- **Problem**:
Only the stretch below from the line holding "تعلن مديرية تشغيل" through the line holding "Results: The zone" should be restated, word for word and with both ends included; pictures stay out.
(Given entries)
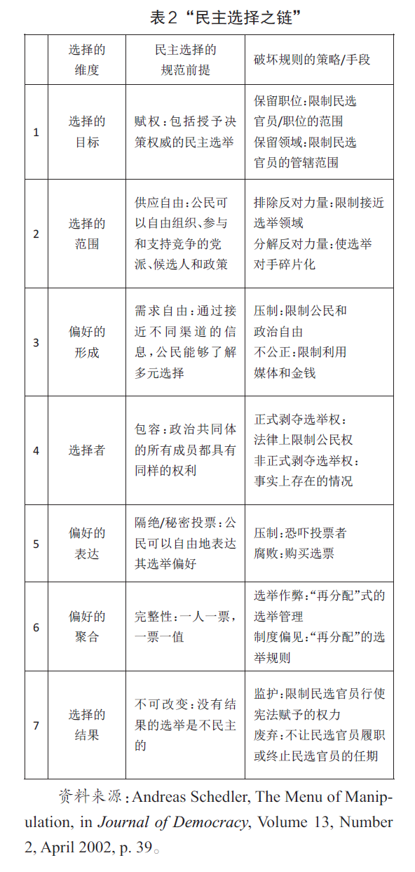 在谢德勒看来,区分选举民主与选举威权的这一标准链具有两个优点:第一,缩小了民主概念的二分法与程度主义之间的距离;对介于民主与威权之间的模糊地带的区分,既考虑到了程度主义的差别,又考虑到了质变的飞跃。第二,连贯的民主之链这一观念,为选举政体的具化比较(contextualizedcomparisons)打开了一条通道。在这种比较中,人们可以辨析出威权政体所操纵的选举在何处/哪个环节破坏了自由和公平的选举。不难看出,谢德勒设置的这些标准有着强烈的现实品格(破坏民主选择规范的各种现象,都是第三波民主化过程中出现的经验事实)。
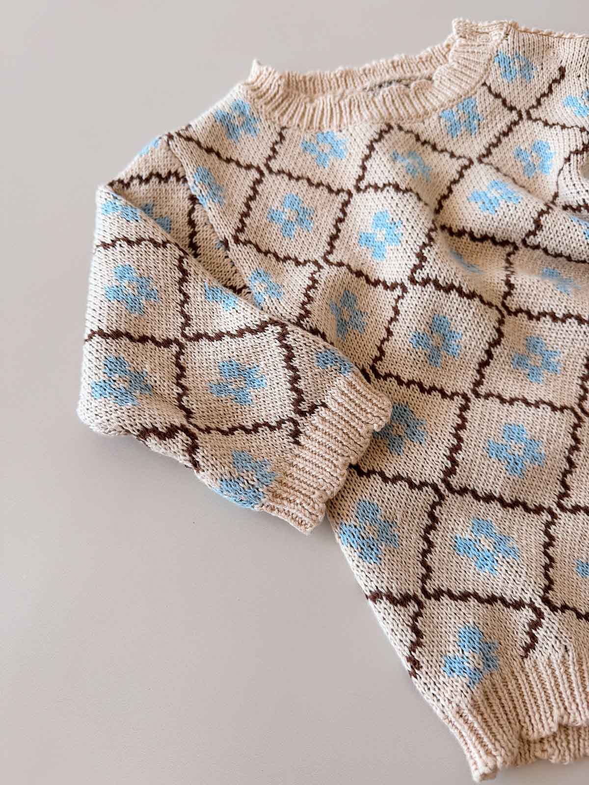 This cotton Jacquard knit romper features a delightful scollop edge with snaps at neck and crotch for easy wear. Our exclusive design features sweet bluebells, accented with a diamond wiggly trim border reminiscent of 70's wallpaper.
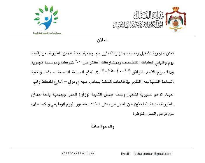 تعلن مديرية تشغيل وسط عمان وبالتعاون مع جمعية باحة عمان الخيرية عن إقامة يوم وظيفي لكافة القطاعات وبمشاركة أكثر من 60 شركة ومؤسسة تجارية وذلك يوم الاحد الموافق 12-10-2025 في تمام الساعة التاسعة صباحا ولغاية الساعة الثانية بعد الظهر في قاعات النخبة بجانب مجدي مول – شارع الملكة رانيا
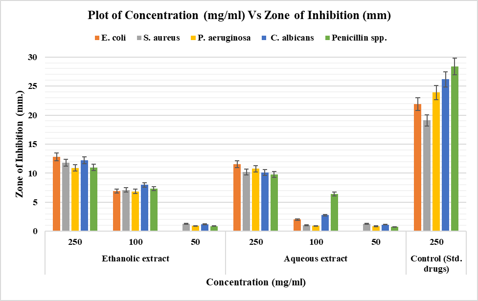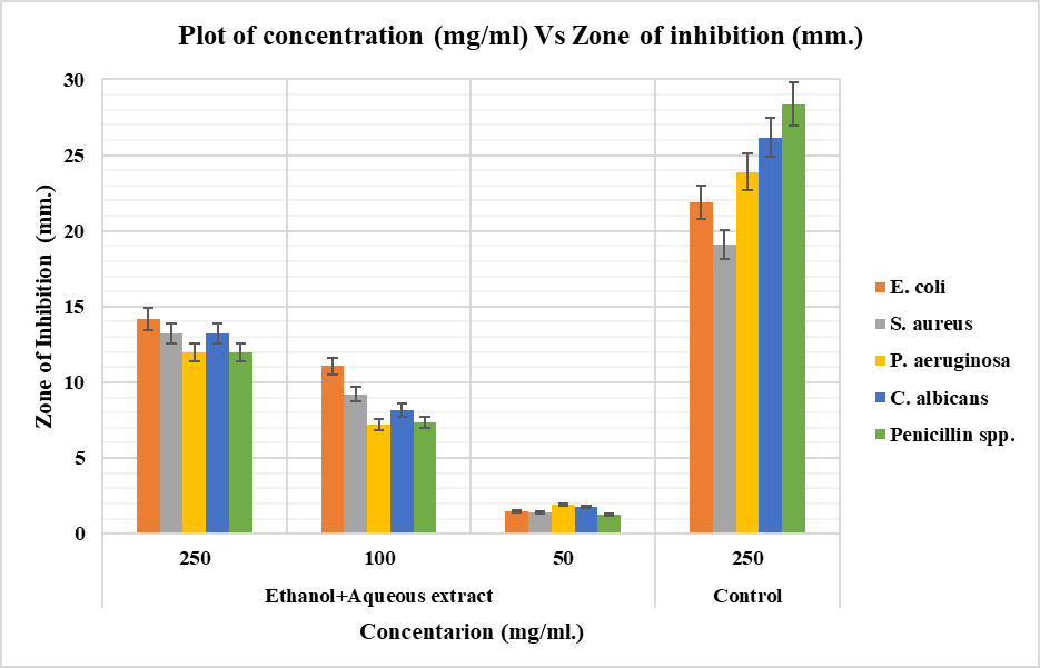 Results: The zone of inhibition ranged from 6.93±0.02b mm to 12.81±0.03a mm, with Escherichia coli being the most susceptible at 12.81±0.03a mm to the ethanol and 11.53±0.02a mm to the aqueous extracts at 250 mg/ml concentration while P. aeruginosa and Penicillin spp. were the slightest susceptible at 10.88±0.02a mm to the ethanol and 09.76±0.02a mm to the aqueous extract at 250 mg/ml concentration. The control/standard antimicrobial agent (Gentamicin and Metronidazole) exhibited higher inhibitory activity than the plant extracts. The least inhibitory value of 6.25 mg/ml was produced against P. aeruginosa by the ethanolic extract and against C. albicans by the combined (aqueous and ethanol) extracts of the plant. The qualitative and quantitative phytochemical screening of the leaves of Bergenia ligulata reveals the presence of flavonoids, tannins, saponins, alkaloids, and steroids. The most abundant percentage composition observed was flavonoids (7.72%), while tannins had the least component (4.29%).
(End Given entries)
(Given entries)
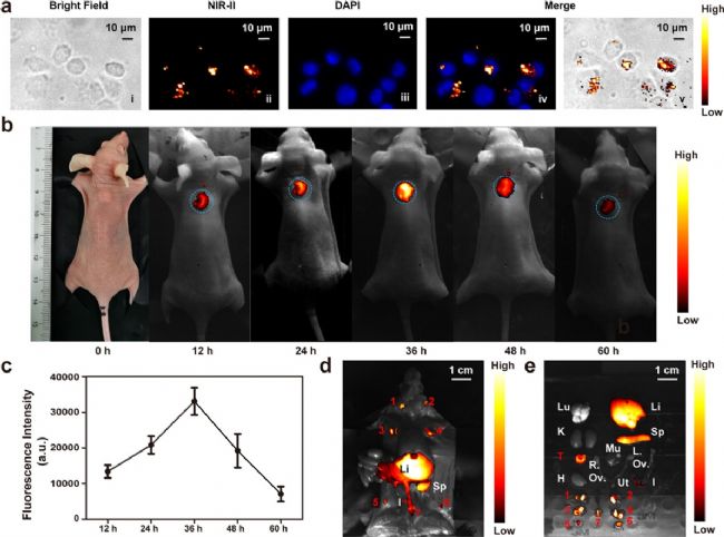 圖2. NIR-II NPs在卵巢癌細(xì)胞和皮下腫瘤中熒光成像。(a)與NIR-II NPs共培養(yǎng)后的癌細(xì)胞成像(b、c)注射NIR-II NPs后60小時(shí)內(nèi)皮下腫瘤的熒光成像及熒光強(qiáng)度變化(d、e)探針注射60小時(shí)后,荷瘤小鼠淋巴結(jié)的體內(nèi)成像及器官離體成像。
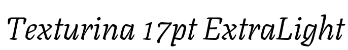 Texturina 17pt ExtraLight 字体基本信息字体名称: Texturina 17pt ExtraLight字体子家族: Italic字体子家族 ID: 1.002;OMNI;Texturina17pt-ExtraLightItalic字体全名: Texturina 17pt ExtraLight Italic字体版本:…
(End Given entries)
- **Problem solution**:
 تعلن مديرية تشغيل وسط عمان وبالتعاون مع جمعية باحة عمان الخيرية عن إقامة يوم وظيفي لكافة القطاعات وبمشاركة أكثر من 60 شركة ومؤسسة تجارية وذلك يوم الاحد الموافق 12-10-2025 في تمام الساعة التاسعة صباحا ولغاية الساعة الثانية بعد الظهر في قاعات النخبة بجانب مجدي مول – شارع الملكة رانيا
 Results: The zone of inhibition ranged from 6.93±0.02b mm to 12.81±0.03a mm, with Escherichia coli being the most susceptible at 12.81±0.03a mm to the ethanol and 11.53±0.02a mm to the aqueous extracts at 250 mg/ml concentration while P. aeruginosa and Penicillin spp. were the slightest susceptible at 10.88±0.02a mm to the ethanol and 09.76±0.02a mm to the aqueous extract at 250 mg/ml concentration. The control/standard antimicrobial agent (Gentamicin and Metronidazole) exhibited higher inhibitory activity than the plant extracts. The least inhibitory value of 6.25 mg/ml was produced against P. aeruginosa by the ethanolic extract and against C. albicans by the combined (aqueous and ethanol) extracts of the plant. The qualitative and quantitative phytochemical screening of the leaves of Bergenia ligulata reveals the presence of flavonoids, tannins, saponins, alkaloids, and steroids. The most abundant percentage composition observed was flavonoids (7.72%), while tannins had the least component (4.29%).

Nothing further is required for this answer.